The bidding process for the 2026 AFC Women's Asian Cup was the process by which the location for the 21st AFC Women's Asian Cup was selected.

==Hosting requirements==
The following four football associations submitted their interest to host the tournament by the 31 July 2022 deadline.

The tournament is expected to continue the format of the 2022 AFC Women's Asian Cup edition, with a total of 27 matches taking place, with 12 teams competing in the tournament.

==Confirmed bid==
===Australia===

Football Australia officially submitted the bid to host the 2026 AFC Women's Asian Cup. Australia previously hosted the 2006 AFC Women's Asian Cup, which was the first major Asian tournament staged in the country following its ascension to the AFC. Australia also co-hosted the 2023 FIFA Women's World Cup with New Zealand, the first major Women's World Cup to be staged in two countries. Outside two major tournaments, Australia also hosted the 1981 and 1993 U-20 World Cups, as well as the 2015 AFC Asian Cup.

Australia was selected as the host nation by the AFC Women's Football Committee on 15 March 2024.

==Withdrawn bids==
===Saudi Arabia===
Saudi Arabian Football Federation officially submitted its interests in hosting the competition. Unlike the three other bidders, Saudi Arabia's bid was seen as a surprise, with its women's team just only being recently created, as well as the country having never even competed in a regular competitive Women's Asian Cup qualification. Though never hosting any previous women's competition, Saudi Arabia hosted the FIFA Confederations Cup from 2001 to 2021, as well as the 1989 FIFA World Youth Championship. On 2 December 2022, the Saudi delegation submitted its bid to host the 2026 edition. On 23 February 2024, Saudi Arabia withdrew their bid.
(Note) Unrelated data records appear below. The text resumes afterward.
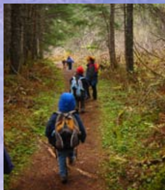
The Iditarod Trail in Girdwood is a favorite with hikers of all ages.

One hundred years after its heyday, some variation of the entire Historic Iditarod Trail from Seward to Nome is still open to the public.
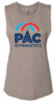
Ash Tank $24 Adult Small-Adult 3X
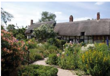
The cottage of Shakespeare's bride Anne Hathaway in Stratford

The marketing campaigns are part of VisitEngland's three-year investment project Growing Tourism Locally, which aims to
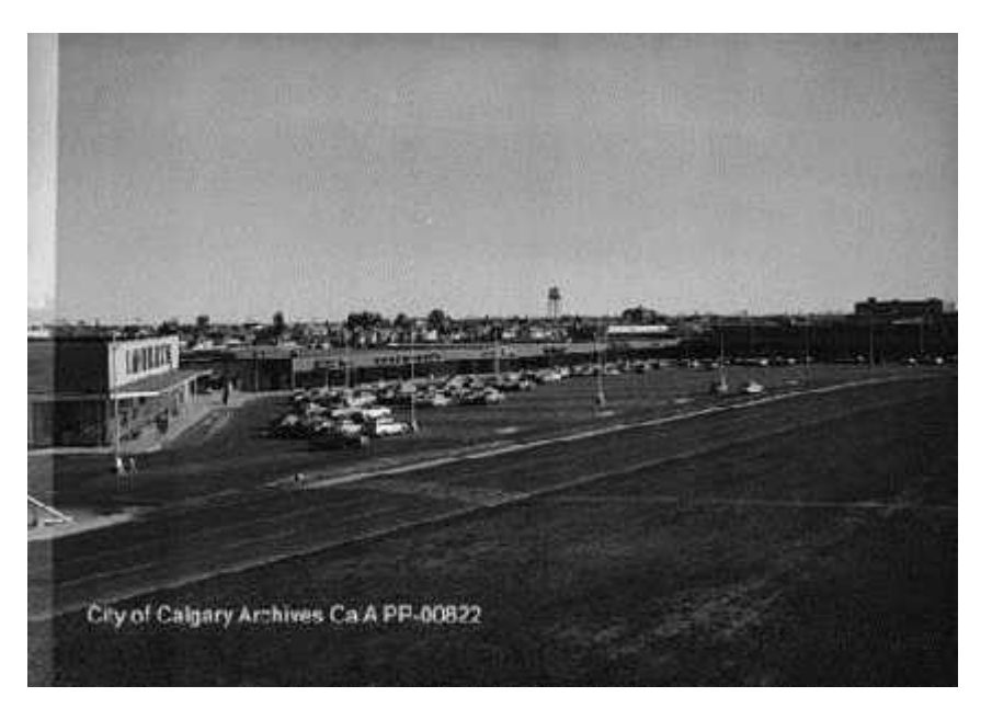
North Hill Mall
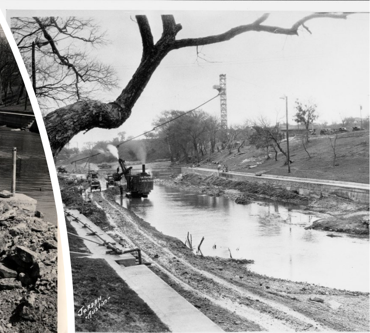
Center
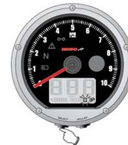
4. Sensing point

Saudi Arabia's bid was controversial, due to the status of women's rights in the country; there were accusations of Saudis using the bid in an attempt to improve the country's image.

===Jordan===
Jordan Football Association announced it had submitted the bid to host the competition. Jordan recently hosted the 2018 AFC Women's Asian Cup, which was the first Women's Asian Cup staged in West Asia. Jordan also hosted the 2016 FIFA U-17 Women's World Cup, which was also the first in a West Asian and Arab country.

===Uzbekistan===
Uzbekistan Football Association officially announced its submission to bid the tournament. Uzbekistan never hosted any major senior tournament in either gender, but it hosted various Asian youth tournaments, notably the 2008 and 2010 AFC U-16 Championships, the 2022 AFC U-23 Asian Cup and the 2023 AFC U-20 Asian Cup. On 23 February 2024, Uzbekistan also withdrew their bid. On 15 March, the AFC ultimately selected Uzbekistan as 2029 AFC Women's Asian Cup host and the only bidder.